В безмолвье прозвучала лира —
ни звезд, ни солнца, ни планет:
вдвоем мы у истока мира,
где даже Бога еще нет.
Взывая к первому восходу,
собою тьму разорвала:
будила музыка природу —
так лира Господа звала.
На берегу у вод забвенья
На берегу у вод забвенья
я с вами вместе погрущу.
Вы не попросите прощенья,
но я вас все равно прощу.
И прошепчу вам заклинанье —
ни власти в нем, ни колдовства,
а только позднее признанье
у врат в объятья Божества.
Обретение
Ночная мгла.
Лишь отсвет лунный
пески зыбучие ласкал:
Бродил в пустыне ангел юный,
как будто что-то там искал.
И вдруг вскричал: «Прости! Я внемлю!»,
впервые волю дав слезам.
Тут небо бросилось на землю
и превратилось в океан.
Чайка
Крылом ударила. Не по воде.
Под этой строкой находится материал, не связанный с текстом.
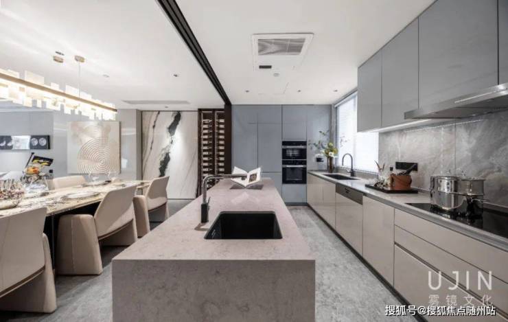餐厅 厨房与楼梯间,设立了开放的中岛台,形成视觉隔断,在增添功能性的同时,也流露出设计师严谨的美学思考,以及对空间节奏的把控!
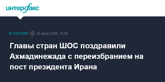 Москва. 16 июня. INTERFAX.RU - Все участники состоявшегося в Екатеринбурге саммита Шанхайской организации сотрудничества поздравили Махмуда Ахмадинежада с переизбранием на пост президента Ирана, сообщила во вторник "Интерфаксу" пресс-секретарь российского президента Наталья Тимакова.
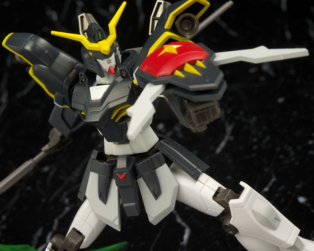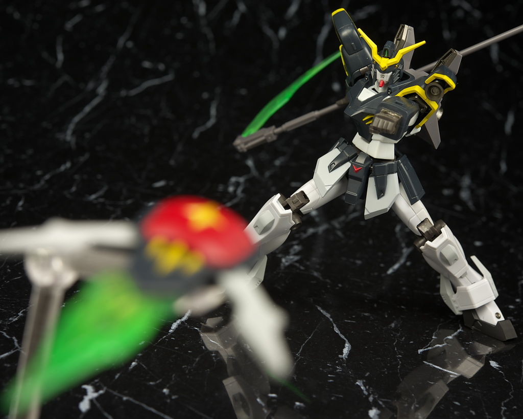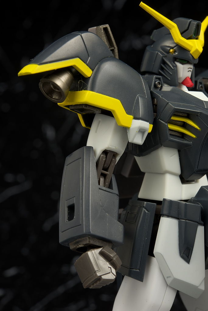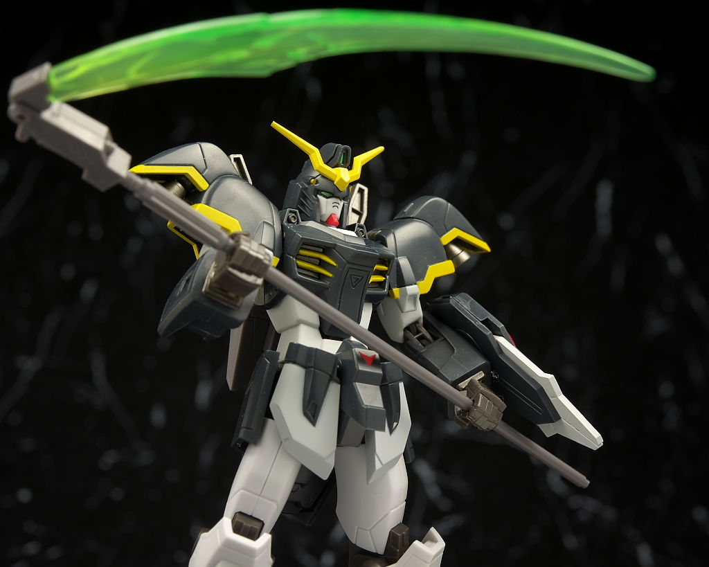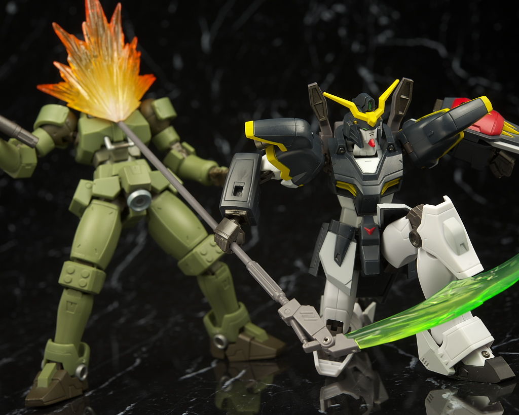 デスサイズヘルと。同じなのは脚部くらいで上半身は別物に。白黒の色もほぼ同じですが黄色はやや薄くなってました。
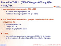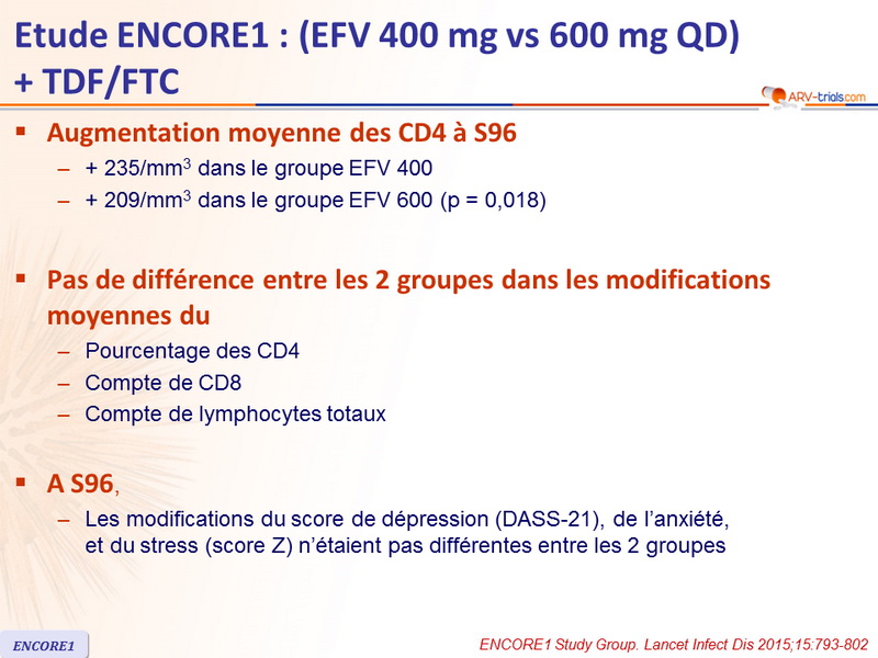 - Pas de différence entre les 2 groupes en termes de qualité de vie, dépression, anxiété et stress, et des symptômes attribués à EFV

По памяти.
Гладь встрепенулась годовыми кольцами.
И вот стою в толпе на стертой паперти,
где нищие смешались с богомольцами.
Звенящий страх и будничность предательства
вступали в битву с мыслями мятежными.
Творили гении на грани помешательства,
оплеванные злобными невеждами.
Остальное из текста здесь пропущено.